*Supplied information*:
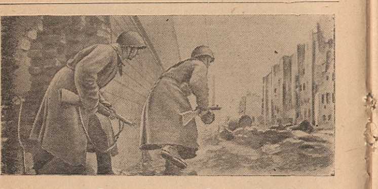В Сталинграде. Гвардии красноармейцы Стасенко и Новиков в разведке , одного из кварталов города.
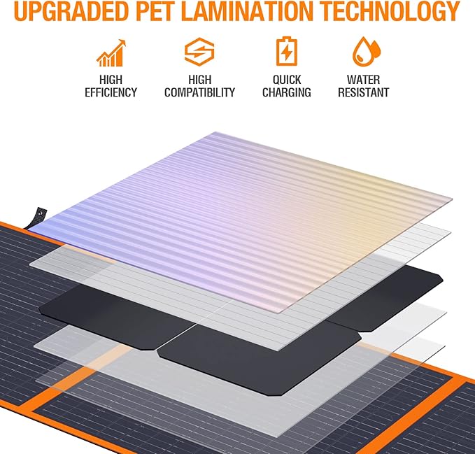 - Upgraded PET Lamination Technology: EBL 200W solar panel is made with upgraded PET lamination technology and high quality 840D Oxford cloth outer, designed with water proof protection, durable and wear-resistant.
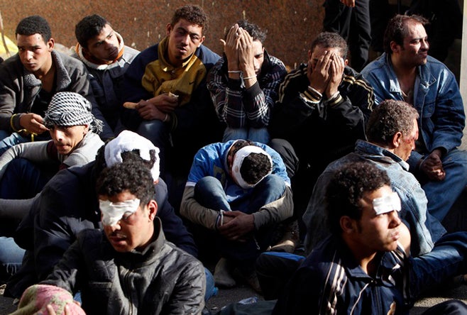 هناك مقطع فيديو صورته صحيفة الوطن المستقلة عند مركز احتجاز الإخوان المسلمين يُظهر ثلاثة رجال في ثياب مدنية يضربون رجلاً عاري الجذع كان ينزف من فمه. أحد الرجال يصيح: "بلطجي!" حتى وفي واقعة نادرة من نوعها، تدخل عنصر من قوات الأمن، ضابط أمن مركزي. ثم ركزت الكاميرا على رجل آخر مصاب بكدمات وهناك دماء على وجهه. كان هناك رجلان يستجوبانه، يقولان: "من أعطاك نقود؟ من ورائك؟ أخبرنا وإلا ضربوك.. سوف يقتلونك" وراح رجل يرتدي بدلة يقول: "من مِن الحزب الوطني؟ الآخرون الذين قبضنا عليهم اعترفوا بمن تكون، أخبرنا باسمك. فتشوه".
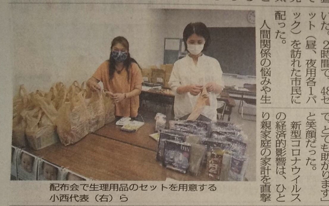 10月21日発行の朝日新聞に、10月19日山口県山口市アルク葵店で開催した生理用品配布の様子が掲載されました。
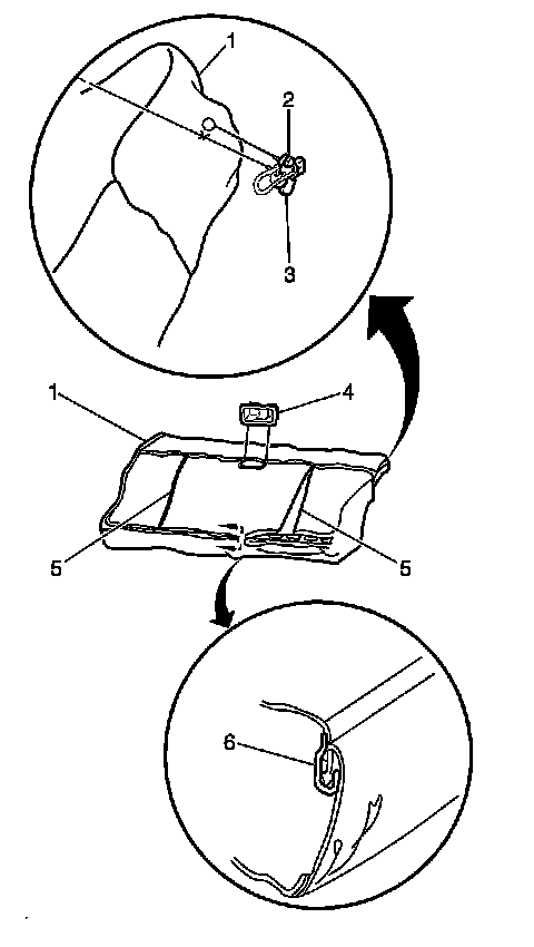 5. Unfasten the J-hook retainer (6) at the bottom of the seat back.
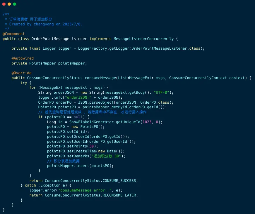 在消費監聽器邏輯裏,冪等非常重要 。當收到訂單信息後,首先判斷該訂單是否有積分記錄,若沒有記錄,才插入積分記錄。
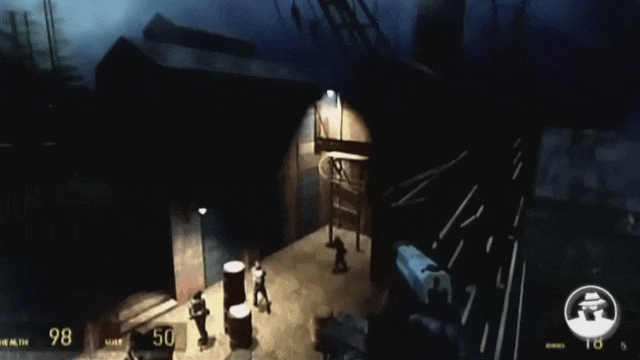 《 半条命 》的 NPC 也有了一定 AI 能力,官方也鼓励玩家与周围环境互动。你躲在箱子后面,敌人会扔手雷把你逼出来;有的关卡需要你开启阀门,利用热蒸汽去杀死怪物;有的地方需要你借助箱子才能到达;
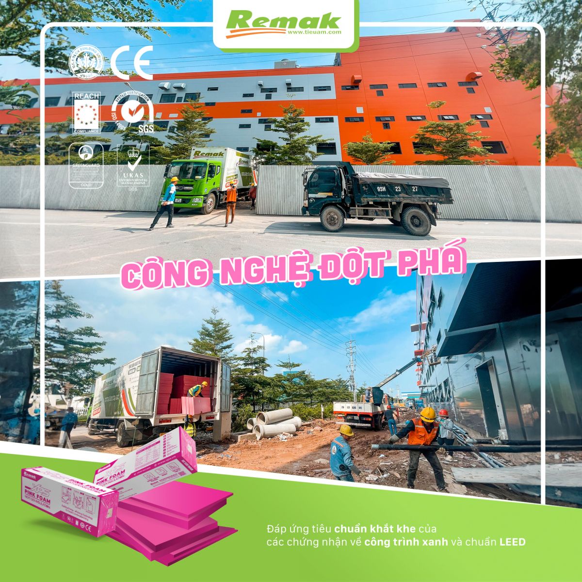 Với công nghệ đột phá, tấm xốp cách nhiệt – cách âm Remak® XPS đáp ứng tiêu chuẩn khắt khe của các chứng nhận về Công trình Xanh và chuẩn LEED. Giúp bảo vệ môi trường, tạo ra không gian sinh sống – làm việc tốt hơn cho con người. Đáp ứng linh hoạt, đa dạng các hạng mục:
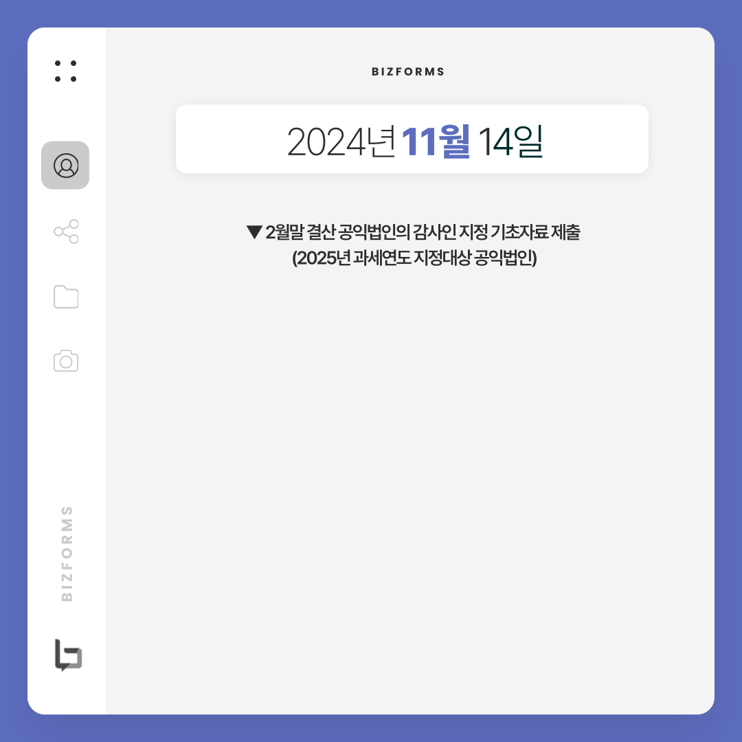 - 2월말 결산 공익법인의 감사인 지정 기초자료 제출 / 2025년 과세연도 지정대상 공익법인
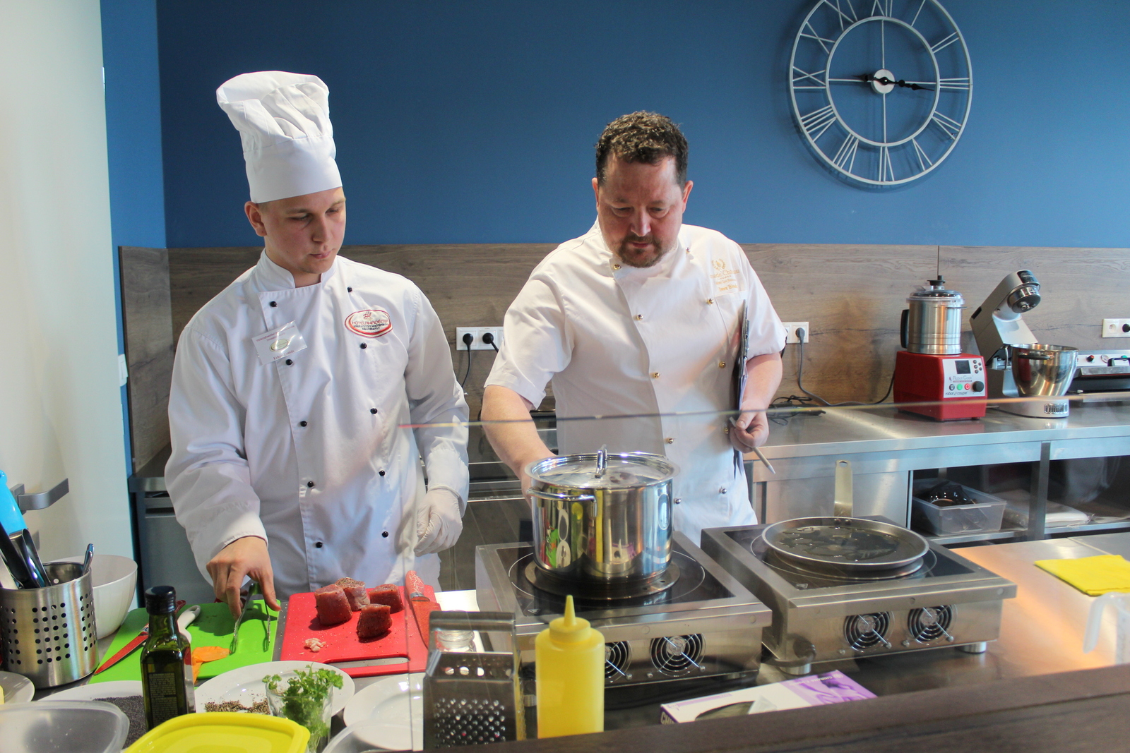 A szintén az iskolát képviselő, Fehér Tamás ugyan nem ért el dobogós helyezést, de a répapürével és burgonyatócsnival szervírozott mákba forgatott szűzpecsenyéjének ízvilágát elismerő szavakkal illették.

*The problem*:
Print each entry precisely as written; the pictures stay out.

*Response*:
В Сталинграде. Гвардии красноармейцы Стасенко и Новиков в разведке , одного из кварталов города.
 - Upgraded PET Lamination Technology: EBL 200W solar panel is made with upgraded PET lamination technology and high quality 840D Oxford cloth outer, designed with water proof protection, durable and wear-resistant.
 هناك مقطع فيديو صورته صحيفة الوطن المستقلة عند مركز احتجاز الإخوان المسلمين يُظهر ثلاثة رجال في ثياب مدنية يضربون رجلاً عاري الجذع كان ينزف من فمه. أحد الرجال يصيح: "بلطجي!" حتى وفي واقعة نادرة من نوعها، تدخل عنصر من قوات الأمن، ضابط أمن مركزي. ثم ركزت الكاميرا على رجل آخر مصاب بكدمات وهناك دماء على وجهه. كان هناك رجلان يستجوبانه، يقولان: "من أعطاك نقود؟ من ورائك؟ أخبرنا وإلا ضربوك.. سوف يقتلونك" وراح رجل يرتدي بدلة يقول: "من مِن الحزب الوطني؟ الآخرون الذين قبضنا عليهم اعترفوا بمن تكون، أخبرنا باسمك. فتشوه".
 10月21日発行の朝日新聞に、10月19日山口県山口市アルク葵店で開催した生理用品配布の様子が掲載されました。
 5. Unfasten the J-hook retainer (6) at the bottom of the seat back.
 在消費監聽器邏輯裏,冪等非常重要 。當收到訂單信息後,首先判斷該訂單是否有積分記錄,若沒有記錄,才插入積分記錄。
 《 半条命 》的 NPC 也有了一定 AI 能力,官方也鼓励玩家与周围环境互动。你躲在箱子后面,敌人会扔手雷把你逼出来;有的关卡需要你开启阀门,利用热蒸汽去杀死怪物;有的地方需要你借助箱子才能到达;
 Với công nghệ đột phá, tấm xốp cách nhiệt – cách âm Remak® XPS đáp ứng tiêu chuẩn khắt khe của các chứng nhận về Công trình Xanh và chuẩn LEED. Giúp bảo vệ môi trường, tạo ra không gian sinh sống – làm việc tốt hơn cho con người. Đáp ứng linh hoạt, đa dạng các hạng mục:
 - 2월말 결산 공익법인의 감사인 지정 기초자료 제출 / 2025년 과세연도 지정대상 공익법인
 A szintén az iskolát képviselő, Fehér Tamás ugyan nem ért el dobogós helyezést, de a répapürével és burgonyatócsnival szervírozott mákba forgatott szűzpecsenyéjének ízvilágát elismerő szavakkal illették.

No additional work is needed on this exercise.